Firefighting in the airport is a flight operations safety whose responsibility is to prepare for aircraft rescue. The operators of Part 139 airports have the responsibility of providing aircraft rescue and firefighting services during the operations of the air carrier (Federal Aviation Administration, n.d). The American Airlines, airport rescue firefighting (ARFF) is trained for every department depending on the unique needs of the environment, training, tactics, strategies and equipment required for the particular needs. Training for firefighting also depends on each type of aircraft and the equipment that are available on the plane. It means that training for ARFF is done across airline departments in the American Airlines system where they differ in procedure and the type of training. The research paper aims at discussing the components on which the ARFF must be trained on for the Boeing 737 aircraft and the hazards that exist for the ARFF on this particular aircraft.

The components on which the ARFF must be trained on for the Boeing 737 aircraft

Aircraft Rescue Fire Fighters have the responsibility of protecting the airport and save lives as the most valuable thing (Stecklein, 2010). They need to understand and have in mind the complex layout of the airport. Additional training for the ARFF is of vital importance. For the Boeing 737 aircraft, there are various elements that the ARFF should be trained to enable them to handle safety operations for the particular aircraft in the airport. For the Boeing 737, the ARFF  must be trained on components such as flammable materials locations, battery locations, emergency rescue access, and the flight deck control switch locations (Boeign, 2017).

The Emergency Rescue Access

The ARFF must be trained on emergency rescue access. Here, they should be trained on the areas to access the aircraft interior for the purpose of rescuing the people aboard. Here, the ARFF must know that to access the aircraft interior, they can use the forward entry door, service door, cargo door, after service door, after entry door, overwing escape hatches, overwing escape hatches and doors. In the case of more access rescue areas, the ARFF should be informed about the need for chopping particular areas at the front and middle of the aircraft.

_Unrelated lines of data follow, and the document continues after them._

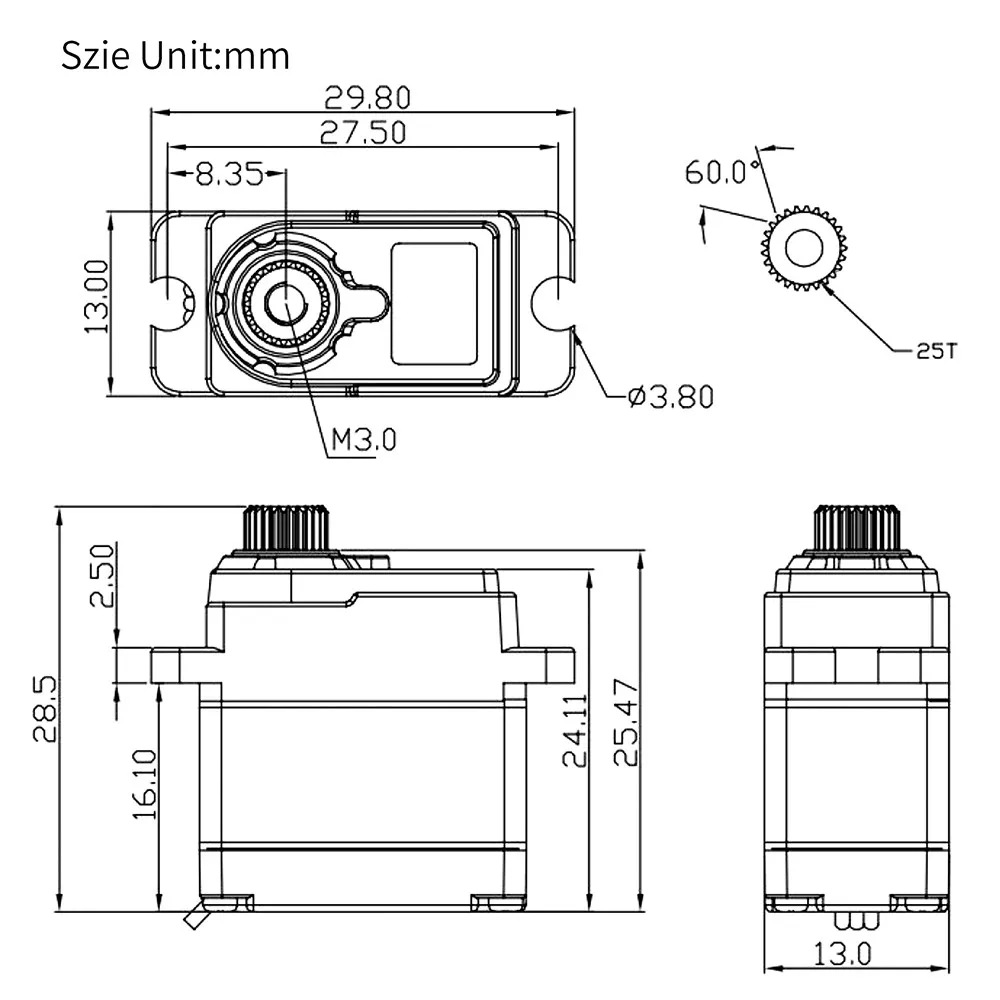 И выходные зубцы используют сервопередачи стандартного размера с металлическими зубьями 25T.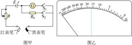 ”挡)的欧姆表,其内部电路如图甲所示。电源为电池组(电动势E的标称值为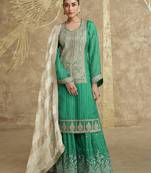 Green Embroidered Chinnon Silk Free Size Stitch Gharara Suit With Dupatta Semi stitched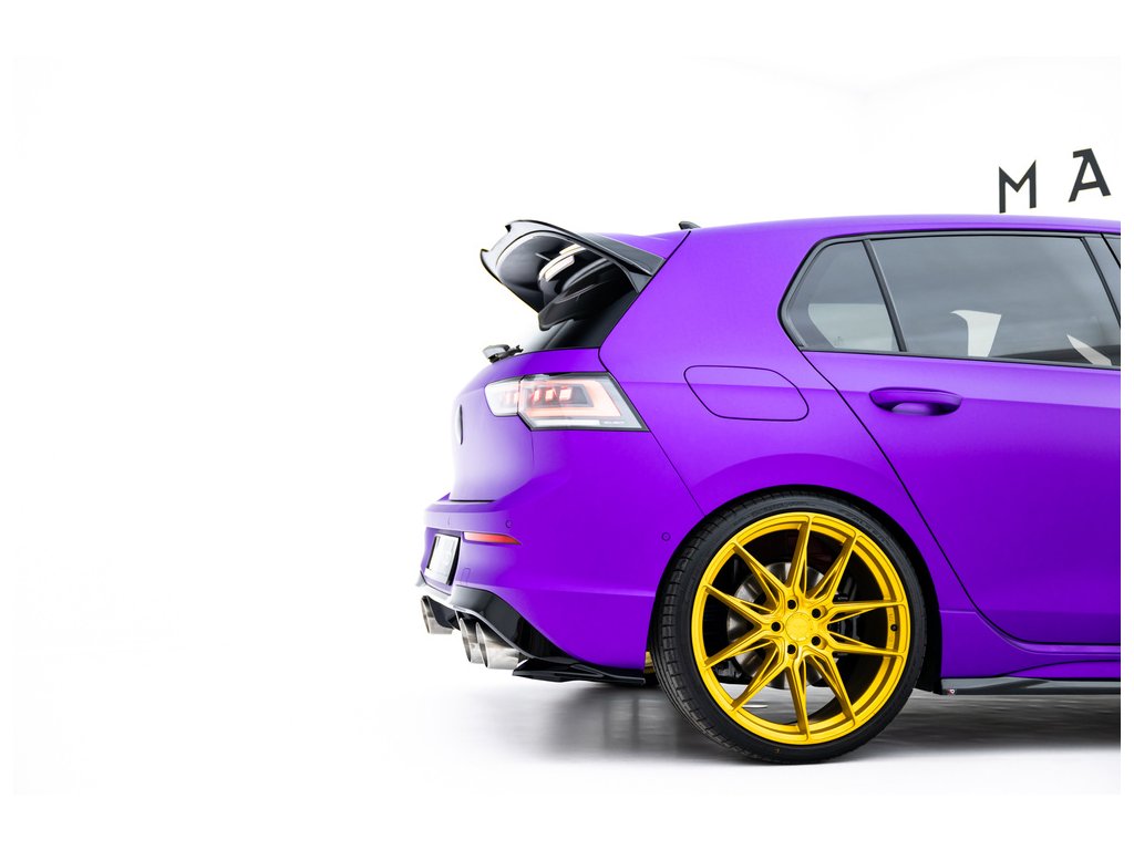 Maxton Design boční difuzory pod zadní nárazník v.8 pro vozidlo Volkswagen Golf R Mk8, Mk8 Facelift . Povrchová úprava spoileru černý lesklý plast ABS.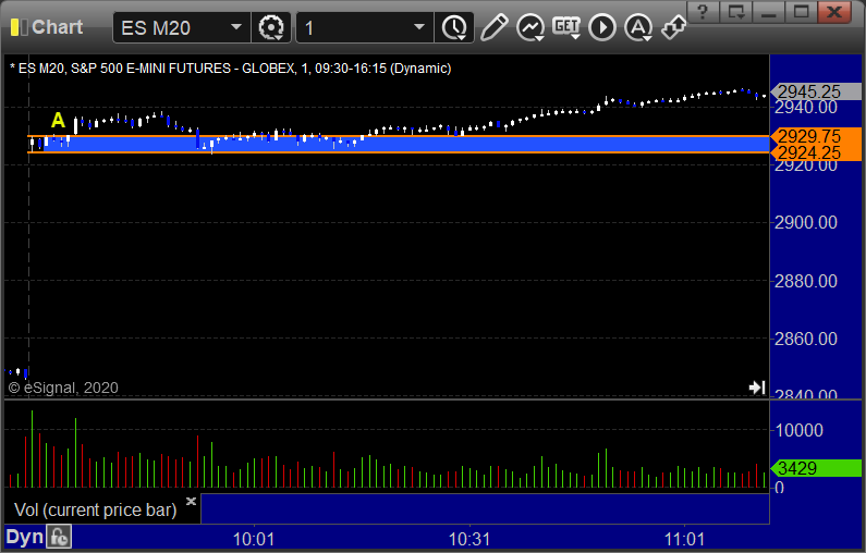 ES Opening Range Play triggered long at A and worked enough for a partial: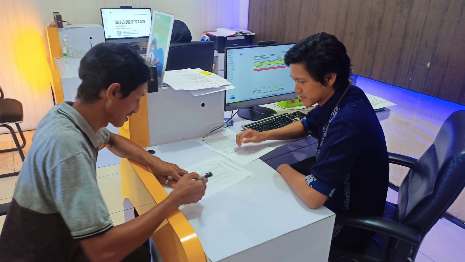 Petugas KP2KP Tanjung Selor terlebih dahulu melakukan pengecekan data pembayaran pajak, serta riwayat kepatuhan pelaporan Surat Pemberitahuan (SPT) Tahunan milik wajib pajak. Wajib pajak kemudian dibantu oleh petugas untuk menghitung PPh Final 0,5% dari omzet penjualan setiap bulannya.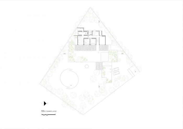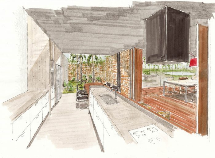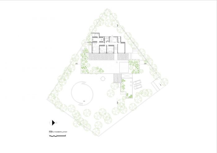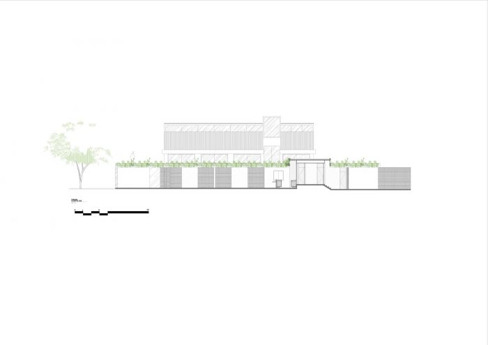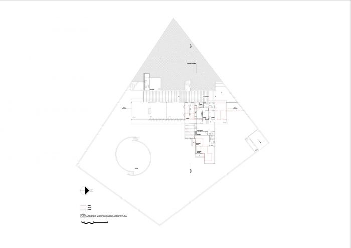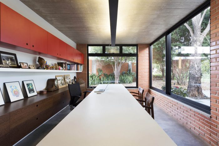 To meet the new request, it was necessary to swap the area of the whole service quarters with the social accesses. The kitchen was relocated to where the foyer used to be, thus communicating with the lounge and the dining room. The covered parking was created from the demolition of the former laundry room. The home offices were built adjacently to the house gardens, where the steam room and shed used to be.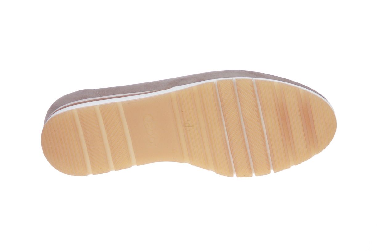 Beige nubuck damesschoen van het merk Gabor. De binnenzool is uitneembaar, ideaal voor steunzolen.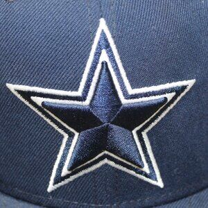 Show your team pride with this officially licensed Dallas Cowboys NFL hat by New Era. Featuring the iconic Cowboys star prominently embroidered on the front in navy blue with white outline, this 59FIFTY fitted cap offers a sleek and classic look for fans and collectors alike. The hat's structured crown and flat brim maintain a sharp silhouette, while the navy blue colorway stays true to the team's signature palette.
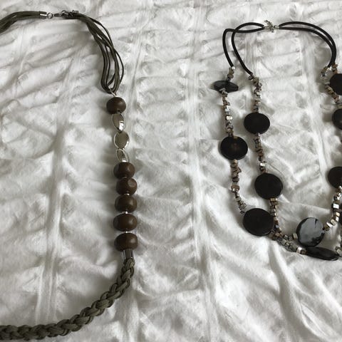 1 stk. Perlekæde med forskellige slags brune perler og bånd. Kan bindes om livet eller bare hænge løs om halsen. Længde 115 cm.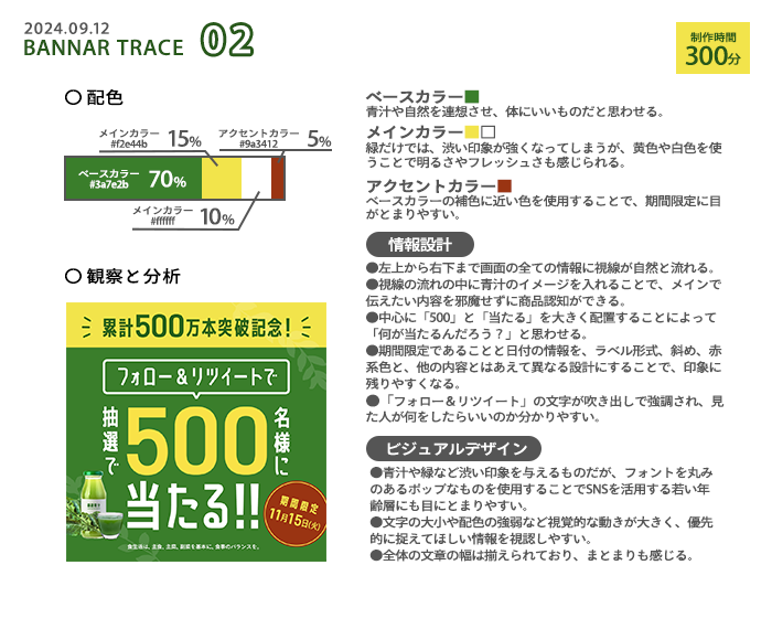 - 既存のバナーを見て分析し、デザインの目的を考えて言語化することを意識してじっせんできました。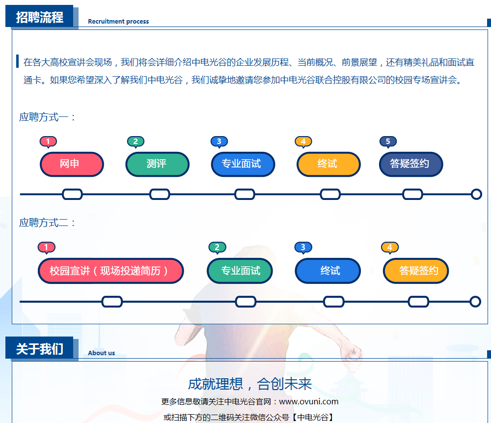 基本要求:本科以上學(xué)歷,CET-4及以上,認同中電光谷企業(yè)文化 ,身體健康、積極進取、樂觀誠信、責(zé)任心強 、良好的溝通、組織協(xié)調(diào)能力,具備團隊合作精神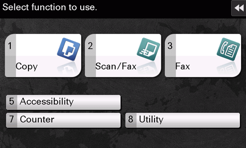 [Utility] | Tap this button to configure settings of this machine or check the use status of this machine. For details, refer to Here. |

All these access areas will make it easy for the ARFF to undertake their rescue mission.

The Emergency Rescue Door Access

To access the emergency door, the ARFF must be trained on how to slide the pilot's window after then open it from outside by pushing in the external access door or pulling the outside release handle. After that, the window is slid to open. ARFF should also know how to open the forward and after entry door using the external handle and tilting on the left-hand side. The handle is slid to open the door and to pull it outwards, rotating clockwise and pulling the door outward. Also, they should carefully open these doors taking care of the passenger and service doors not to deploy when these doors are open from outside automatically. Using the right-hand side, the forward and after service, the door can also be opened using the external handle. The handle is pulled outward, rotated counterclockwise and pulled outward to open the door.

ARFF should also be trained to open the emergency over-wing exit Hatches. They need to use the exit push panel and press the hatch inward and upward. To access the emergency rescue door, the ARFF should use the airplane cross section by chopping out the areas across there. They need to know how to use metals to cut and chop out those areas.

Emergency exit and Equipment Location

The ARFF needs to know where the emergency exit and equipment for fire rescue are located in the aircraft. An emergency exit is located at the forward entry area; there is the 1st aid kit. On the left-hand side of the bulkhead, there is the handle AFT F/C. On the left-hand side of the OHB above the AFT, there is the over wing exit where extra life vests can be found. The last left-hand side of the OHB M/C, there are first aid kits. On the left-hand side of the bulkhead AFT M/C, the ARFF can find the emergency light switch at the F/A control panel. On the right-hand side opposite the entry area, there is a cockpit and a 56 man life raft. On the first right-hand side of the OHB M/C, the ARFF can find an ELT with OHB placard. There is a 56 man life Raft at each of the F/A Jumpseat.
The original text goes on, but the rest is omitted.